A better understanding of the characteristics and capabilities of women entrepreneurs can significantly improve their chances of success. Therefore, three studies were conducted…

Abstract

Purpose

A better understanding of the characteristics and capabilities of women entrepreneurs can significantly improve their chances of success. Therefore, three studies were conducted for this exploratory paper. We have discovered the characteristics of entrepreneurial intelligence among female entrepreneurs through semi-structured interviews based on conventional content analysis. According to the second study, qualitative meta-synthesis was utilized to identify characteristics of women's entrepreneurial intelligence at the international level. As a third study, we examined the evolutionary relationships of entrepreneurs' intelligence components following the discovery and creation of opportunities.
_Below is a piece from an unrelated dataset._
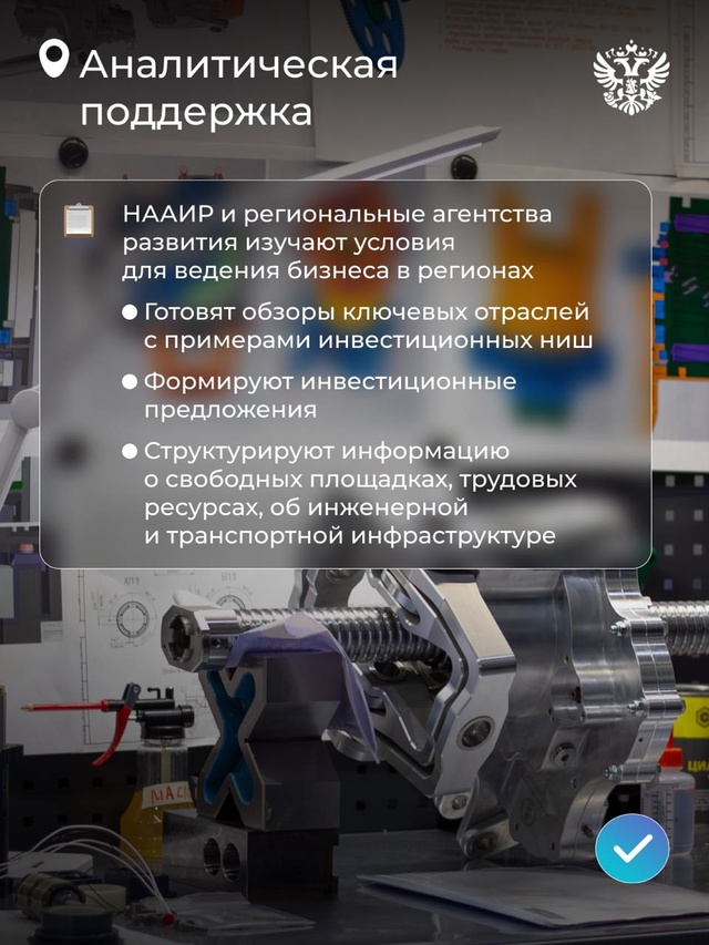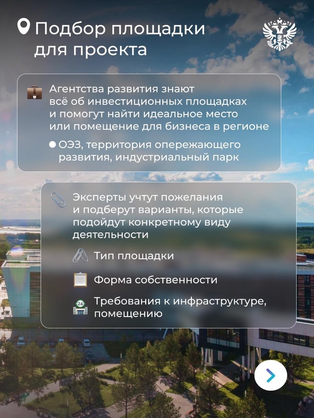 🤝Бизнесу их даже не нужно искать — подходящий набор можно составить вместе с институтом развития, который выполняет функцию одного окна для инвесторов.

Design/methodology/approach

The present paper was based on three studies. In the first study, 15 female entrepreneurs were interviewed using purposive sampling in the Guilan province of Iran to identify the characteristics of entrepreneurial intelligence at the national level. An inductive content analysis was performed on the data collected through interviews. Using Shannon entropy and qualitative validation, their validity was assessed. In the second study, using a qualitative meta-synthesis, the characteristics of women's entrepreneurial intelligence were identified. Then the results of these two studies were compared with each other. In the third study, according to the results obtained from the first and second studies, the emergence, priority and evolution of entrepreneurial intelligence components in two approaches to discovering and creating entrepreneurial opportunities were determined. For this purpose, interviews were conducted with 12 selected experts using the purposeful sampling method using the fuzzy total interpretive structural modeling (TISM) method.

Findings

In the first research, this article identified the components of entrepreneurial intelligence of women entrepreneurs in six categories: entrepreneurial insights, cognitive intelligence, social intelligence, intuitive intelligence, presumptuous intelligence and provocative intelligence. In the second study, the components of entrepreneurial intelligence were compared according to the study at the national level and international literature. Finally, in the third study, the evolution of the components of entrepreneurial intelligence was determined. In the first level, social intelligence, presumptuous intelligence and provocative intelligence are formed first and social intelligence and provocative intelligence have an interactive relationship. In the second level, entrepreneurial insight and cognitive intelligence appear, which, in addition to their interactive relationship, take precedence over the entrepreneur's intuitive intelligence in discovering entrepreneurial opportunities. With the evolution of the components of entrepreneurial intelligence in the opportunity creation approach, it is clear that intuitive intelligence is formed first at the first level and takes precedence. At the second level, there is cognitive intelligence is created. At the third level, motivational intelligence and finally, at the last level, entrepreneurial insight, social intelligence and bold intelligence.

Originality/value

This study has the potential to discover credible and robust approaches for further examining the contextualization of women's entrepreneurial intelligence at both national and international levels, thereby advancing new insights. By conceptualizing various components of entrepreneurial intelligence for the first time and exploring how contextual factors differ across nations and internationally for women's entrepreneurship, this paper challenges the assumption that the characteristics of women's entrepreneurial intelligence are uniform worldwide. It also depicts the evolution of the components of entrepreneurial intelligence.